Investigators used covariate-adjusted Cox models for each trial to estimate how the interaction between HER-2 status and treatment affected distant recurrence-free interval.

Bartlett and colleagues performed a meta-analysis of interaction between HER-2 status and treatment effects.

Distant recurrence-free interval up until the pre-planned 2- to 3-year treatment switch time for those trials with a switching element served as the primary endpoint. Patients who remained alive and in follow-up with no evidence of disease were censored at 2 to 2.75 years.

The meta-analysis included 12,129 patients, or 97.4% of the cases required to achieve 90% power to detect a treatment-biomarker interaction.

Of these patients, 1,092 (9%) were HER-2 positive. Researchers analyzed 473 (3.9%) distant recurrences, of which 111 (23.4%) occurred in HER-2–positive patients.

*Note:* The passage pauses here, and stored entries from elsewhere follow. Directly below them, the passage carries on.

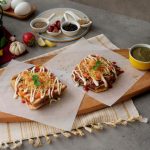 Place tomato slices,onion rings,mozzarella cheese & drizzle tomato ketchup.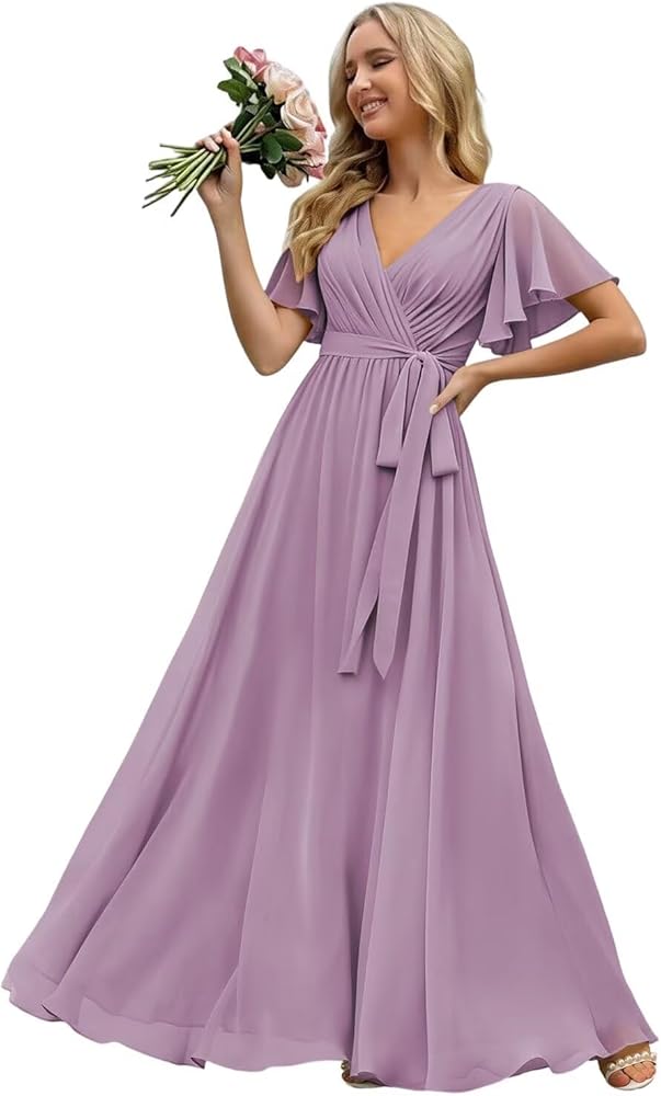 • المزايا: فساتين وصيفة العروس برقبة على شكل حرف V طويلة مع فيونكة 2026، فستان شيفون رسمي للحفلات المسائية، فستان شيفون مشد للنساء، فستان ضيوف زفاف مكشكش للنساء، فساتين رسمية بأكمام مكشكشة مع ثنيات، فستان وصيفة العروس بخصر إمبراطوري للنساء، فستان سهرة للمناسبات الرسمية، فستان شيفون طويل بكشكشة بطول الأرض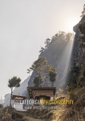 Kila Goenpa Nunnery with rays of light, Wangchang Gewog, Paro, Bhutan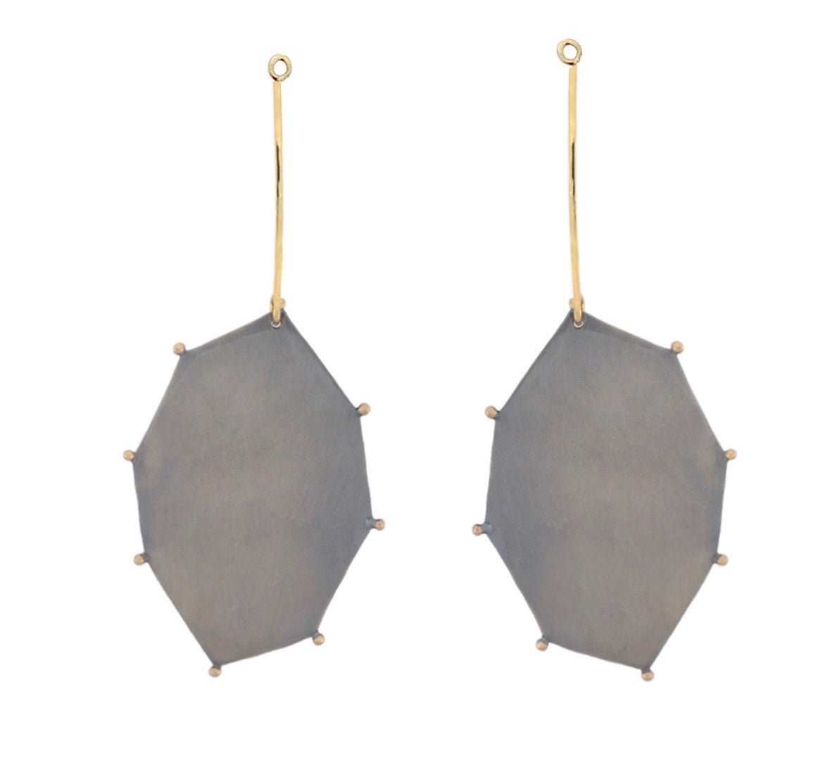 They feature a small hole that allows them to be worn as passepartout pieces, simply hang them from any stud earring to create your own unique combination!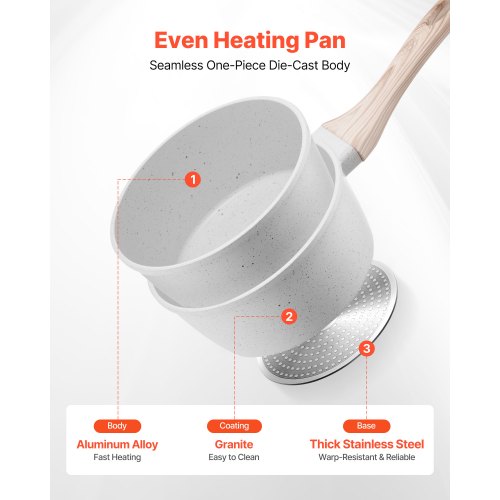 VEVOR 1.5 QT Saucepan Nonstick Saucepan with Glass Lid & Detachable Handle White<br/>Multi-Purpose Saucepan<br/>Versatile Cooking Applications<br/>Nonstick Coating<br/>Easy to Clean<br/>Thoughtful Design Details<br/>Space-Saving Hanging Design<br/>Product Dimensions (Interior): 1.5 QT (6.3 in / 16 cm),Main Materials: Aluminum Alloy,Handle Structure: Detachable – Screw-Lock,Lid Material: Tempered Glass, Thickness: 0.14 in / 3.5 mm,Body Color: Cream White,Item Model Number: S-LY-02,Coating: Cream White Maifan Stone,Product Dimensions: 13 x 6.7 x 5.1 in / 330 x 170 x 130 mm,Net Weight: 1.43 lbs / 0.65 kg,Handle Material: Bakelite Handle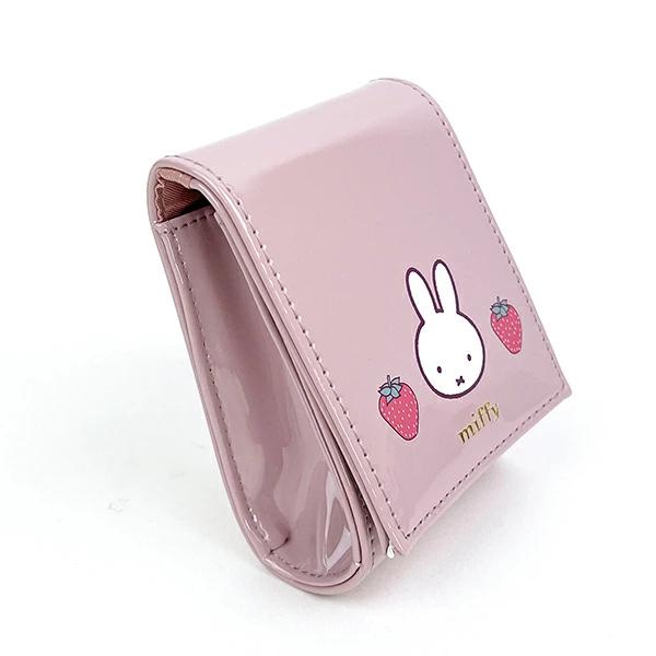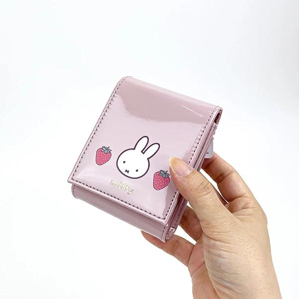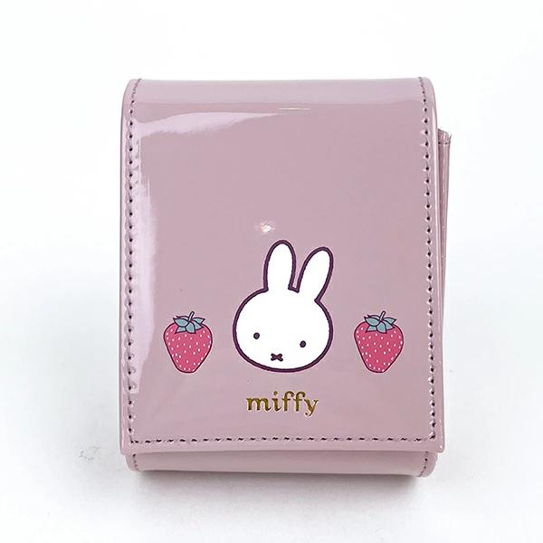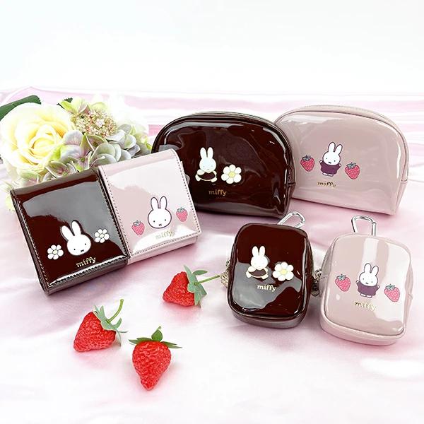 ミッフィーといちごのデザインのリップポーチです。エナメルの光沢感がおしゃれで、内生地には外の色に合わせた色合いのデザイン生地を使用。カバー部分を開けると内側にミラーが付いているので、ちょっとしたメイク直しなどにとても便利ですね♪標準サイズのリップが3本収納可能。コンパクトなサイズでカバンにも収納しやすく、小物入れにも最適です。色違いもございますのでチェックしてみてくださいね☆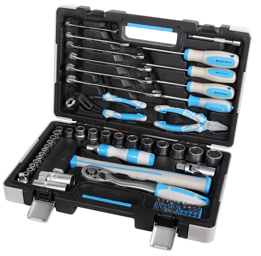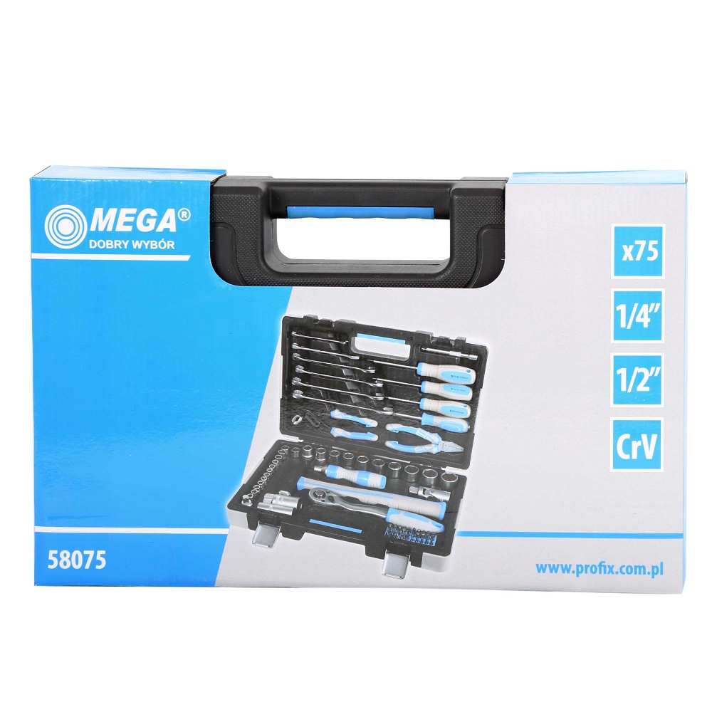 Zestaw narzędzi Mega 58075 zawiera akcesoria do różnorodnych prac domowych i warsztatowych. Szeroki zakres akcesoriów o różnych rozmiarach umożliwi wszechstronne działanie. Zestaw 58075 składa się z 75 części wykonanych z bardzo wysokiej jakościstali chromowo-wanadowej o twardości 31 CrV z zawartością związków węgla dla zachowania wysokiej twardości w całym przekroju narzędzia. Szczypce, wkrętaki, młotki, klucze zostały wyposażone w ergonomiczne rękojeści dla wygodnego użytkowania. Grzechotka dostarczona w zestawie posiada72 zęby co zdecydowanie ułatwia pracę. Cały zestaw dostarczany jest w walizce transportowej co ułatwia transport. W stosunkowo niewielkiej walizce (Długość-39cm, Szerokość-25cm, Wysokość-8cm) mamy większość potrzebnych narzędzi, które używamy przy pracach domowych.Różnorodna konfiguracja zestawu sprawia, że zestaw znajduje zastosowanie zarówno przy pracach warsztatowych, montażowych czy w pracach przy gospodarstwie domowym.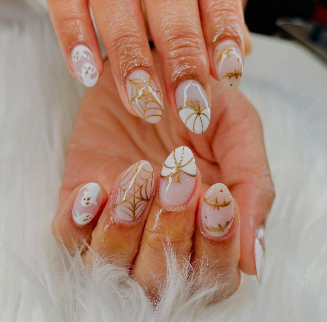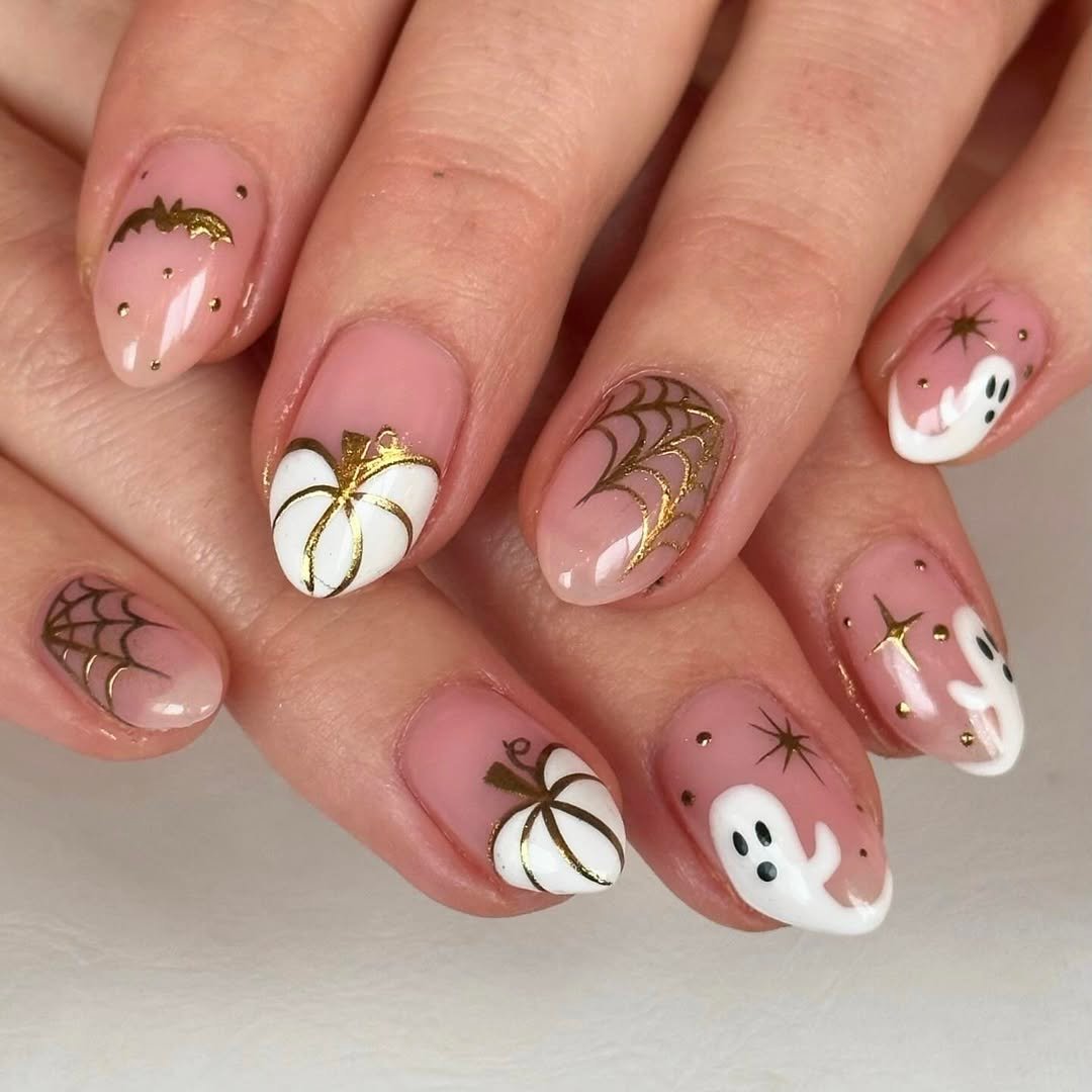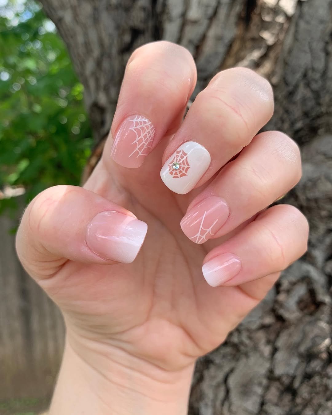 Delicate webs and spiders take center stage here, set against a muted nude-pink base. This one’s for the minimalist who still wants a nod to Halloween.

After adjustments for clinical covariates such as PR status, grade and nodal status, the investigators estimated a pooled HER-2-by-treatment interaction on distant recurrence-free interval of 1.61 (95% CI, 1.01-2.57). They calculated treatment effect HRs for aromatase inhibitors vs. tamoxifen of 1.13 (95% CI, 0.75-1.71) for HER-2–positive patients and 0.7 (95% CI, 0.56-0.87) for HER-2–negative patients.

Results revealed heterogeneity among interaction terms (I2 = 59%), which was driven by treatment effect heterogeneity in the HER-2–positive group (I2 = 71%; P = .03) but not the HER-2–negative subgroup (I2 = 0%).

DFS results appeared similar between groups.

Bartlett provided several caveats to the study results, most importantly that most patients with HER-2–positive cancers were not eligible for chemotherapy and, therefore, not eligible for HER-2–directed therapies such as trastuzumab (Herceptin, Genentech).

“The impact of HER-2–directed therapies in the context of this trial is unknown,” Bartlett said during his presentation. “This alone precludes a recommendation for us to change practice for patients who are eligible for trastuzumab now as a monotherapy.”

Also, the small number of HER-2–positive cancers and events may explain much of the heterogeneity in the treatment effects within the HER-2–positive subgroups in the three trials analyzed, Bartlett said. Of the 111 events that occurred in the HER-2–positive population, more than 50% occurred in one trial.

“This suggests that some caution should be applied before we interpret this into clinical practice,” Bartlett said. – by Mark Leiser

Reference:

Bartlett JMS, et al. Abstract S4-06. Presented at: San Antonio Breast Cancer Symposium; Dec. 8-12, 2015; San Antonio.

Disclosure: Bartlett reports honoraria for consultant work from Insight Genetics and BioNTech, as well as three pending patents. Please see the abstract for a full list of all researchers’ relevant financial disclosures.